DATA SECTION START

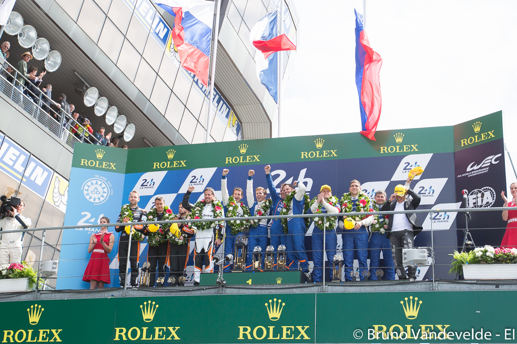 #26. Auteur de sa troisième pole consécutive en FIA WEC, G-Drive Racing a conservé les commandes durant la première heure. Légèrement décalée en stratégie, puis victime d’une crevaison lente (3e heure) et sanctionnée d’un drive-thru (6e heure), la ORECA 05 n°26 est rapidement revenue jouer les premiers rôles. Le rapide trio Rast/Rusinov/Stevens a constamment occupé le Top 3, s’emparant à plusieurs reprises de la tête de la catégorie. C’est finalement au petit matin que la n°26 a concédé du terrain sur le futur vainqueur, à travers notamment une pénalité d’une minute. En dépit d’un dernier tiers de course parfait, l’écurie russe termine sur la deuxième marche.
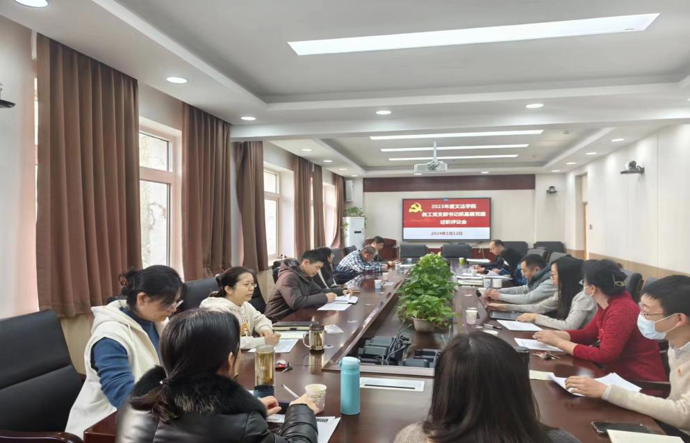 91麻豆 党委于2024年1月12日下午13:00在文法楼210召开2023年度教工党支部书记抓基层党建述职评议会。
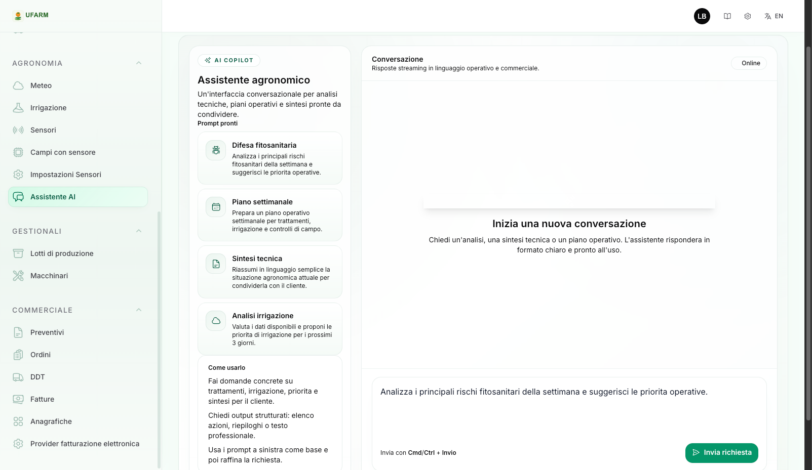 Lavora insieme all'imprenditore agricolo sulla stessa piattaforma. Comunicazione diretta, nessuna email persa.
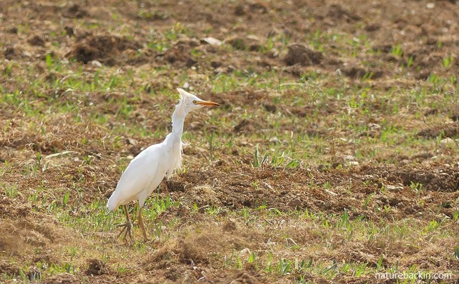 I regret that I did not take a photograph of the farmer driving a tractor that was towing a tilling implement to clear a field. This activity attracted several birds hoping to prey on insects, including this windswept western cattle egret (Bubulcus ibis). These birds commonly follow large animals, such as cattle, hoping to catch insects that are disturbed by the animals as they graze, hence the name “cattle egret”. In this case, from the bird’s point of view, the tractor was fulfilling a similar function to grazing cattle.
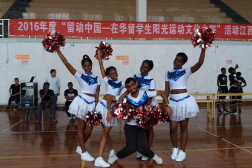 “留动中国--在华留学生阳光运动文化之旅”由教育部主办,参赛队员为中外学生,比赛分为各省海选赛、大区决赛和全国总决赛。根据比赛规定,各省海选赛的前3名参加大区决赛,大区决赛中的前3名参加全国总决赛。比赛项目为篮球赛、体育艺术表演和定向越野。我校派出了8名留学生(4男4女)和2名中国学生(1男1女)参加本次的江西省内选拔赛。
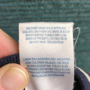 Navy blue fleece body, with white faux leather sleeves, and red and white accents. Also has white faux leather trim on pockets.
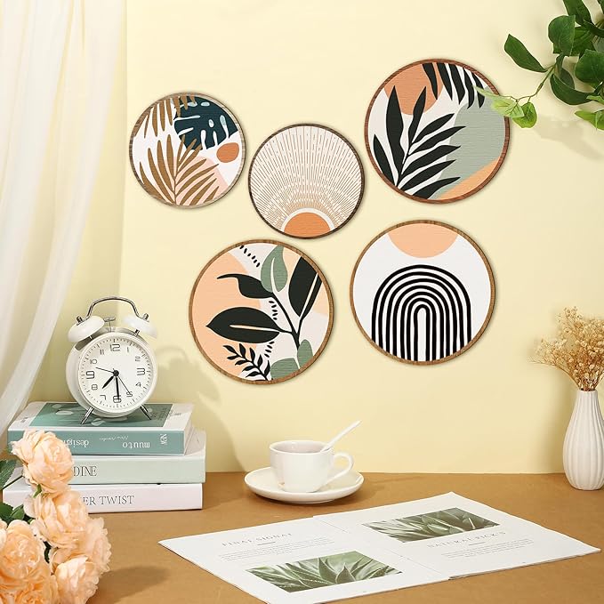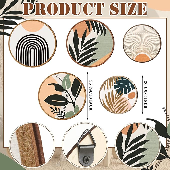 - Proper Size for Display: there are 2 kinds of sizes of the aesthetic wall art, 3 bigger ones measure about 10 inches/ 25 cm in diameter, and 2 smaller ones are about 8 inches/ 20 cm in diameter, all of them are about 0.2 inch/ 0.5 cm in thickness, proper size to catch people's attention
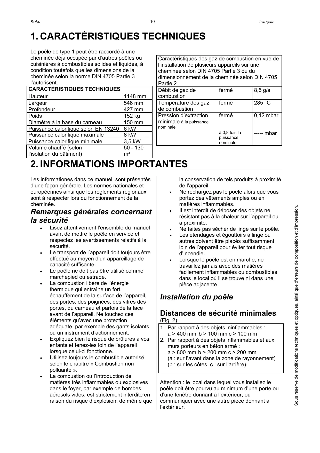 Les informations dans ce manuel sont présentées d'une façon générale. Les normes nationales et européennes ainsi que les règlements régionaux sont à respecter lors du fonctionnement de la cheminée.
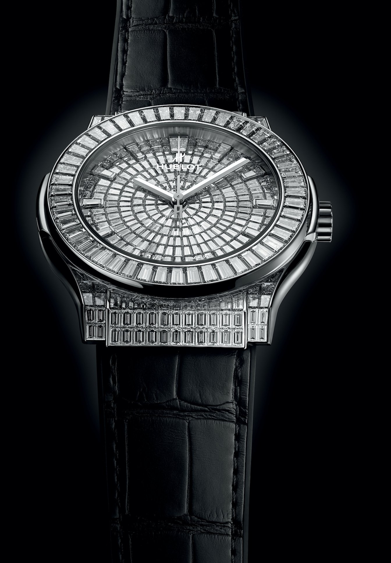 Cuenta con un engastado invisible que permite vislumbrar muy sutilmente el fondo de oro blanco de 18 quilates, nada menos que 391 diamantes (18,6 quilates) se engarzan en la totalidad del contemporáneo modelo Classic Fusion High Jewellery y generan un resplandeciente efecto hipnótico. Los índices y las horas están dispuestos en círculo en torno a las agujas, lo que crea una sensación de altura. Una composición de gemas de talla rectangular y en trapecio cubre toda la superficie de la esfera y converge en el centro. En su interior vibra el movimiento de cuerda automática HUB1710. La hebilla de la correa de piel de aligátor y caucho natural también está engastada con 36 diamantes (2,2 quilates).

DATA SECTION END

## YOUR TASK
Could you repeat, exactly and with nothing added, the lines from the top of the entries above through the line that holds "Lavora insieme all'imprenditore", leaving out any pictures?

## TASK ANSWER
 #26. Auteur de sa troisième pole consécutive en FIA WEC, G-Drive Racing a conservé les commandes durant la première heure. Légèrement décalée en stratégie, puis victime d’une crevaison lente (3e heure) et sanctionnée d’un drive-thru (6e heure), la ORECA 05 n°26 est rapidement revenue jouer les premiers rôles. Le rapide trio Rast/Rusinov/Stevens a constamment occupé le Top 3, s’emparant à plusieurs reprises de la tête de la catégorie. C’est finalement au petit matin que la n°26 a concédé du terrain sur le futur vainqueur, à travers notamment une pénalité d’une minute. En dépit d’un dernier tiers de course parfait, l’écurie russe termine sur la deuxième marche.
 91麻豆 党委于2024年1月12日下午13:00在文法楼210召开2023年度教工党支部书记抓基层党建述职评议会。
 Lavora insieme all'imprenditore agricolo sulla stessa piattaforma. Comunicazione diretta, nessuna email persa.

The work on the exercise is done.